Data-driven empirical models, including those based on reaction kinetics, are well-regarded for their ability to make accurate predictions and uncover underlying relationships. While such models have been extensively employed for microbial communities, their use in agricultural populations remains comparatively limited. In this study, researchers analyzed data from hydroponic lettuce cultivation experiments observing nitrogen-, phosphorus-, and potassium-limited growth.
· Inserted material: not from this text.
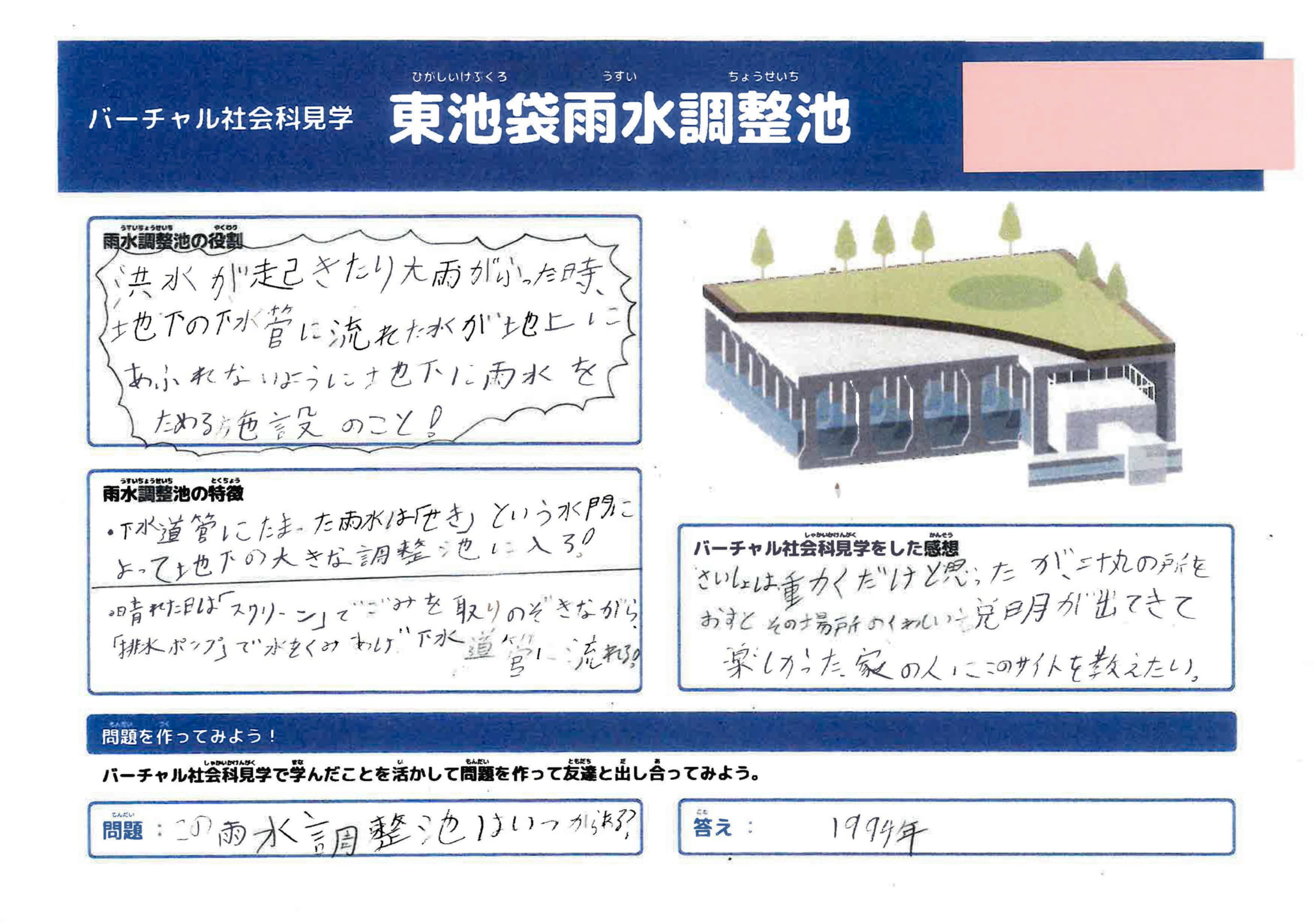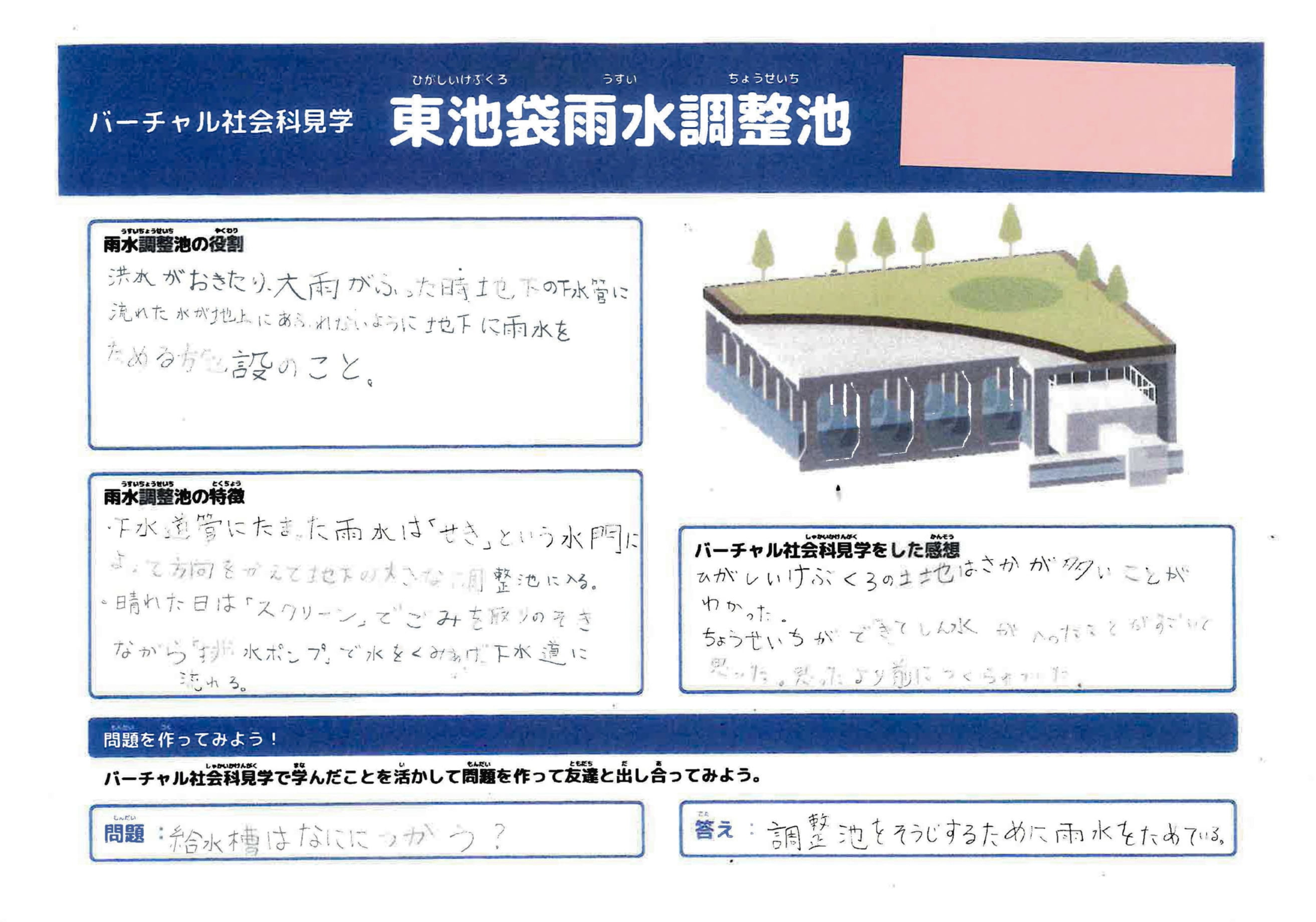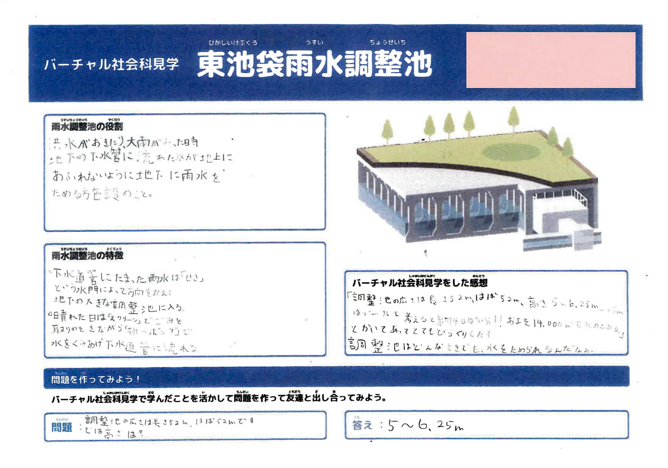 新渡戸文化小学校4年生の社会科の授業でバーチャル社会科見学の「東池袋雨水調整池」を、ワークシートを使いながら学びを深めました。

Dynamic μ models, which incorporated nutrient-fueled growth and maturity-based rate decay, were adapted to accommodate a variable nutrient supply, as would be expected for nutrient recovery efforts using domestic wastewater. To test these models, researchers analyzed multiple approaches, differing variations in analyses, and other agricultural models against observed biomass measurements. The resulting Dynamic μ biomass models showed significantly less error than all other tested models, were validated against three variable nutrient treatments, and were evaluated against expected wastewater concentrations. Wastewater-cultivated lettuce was predicted to grow between 20 and 72% of fresh mass compared to lettuce grown under ideal nutrient concentrations, and models identified 41.7 days to maximize dry biomass, with a final harvest time of 44.0 days to maximize fresh biomass. Finally, this research demonstrates the application of agricultural modeling for profit estimation and informing decisions on supplemental nutrient use, providing guidance for nutrient recovery from wastewater.

Suggested Citation

  • Andrew Sharkey & Asher Altman & Yuming Sun & Yongsheng Chen, 2025. "Dynamic Modeling of Agricultural Fresh and Dry Biomass Under Variable Nutrient Supply," Agriculture, MDPI, vol. 15(18), pages 1-23, September.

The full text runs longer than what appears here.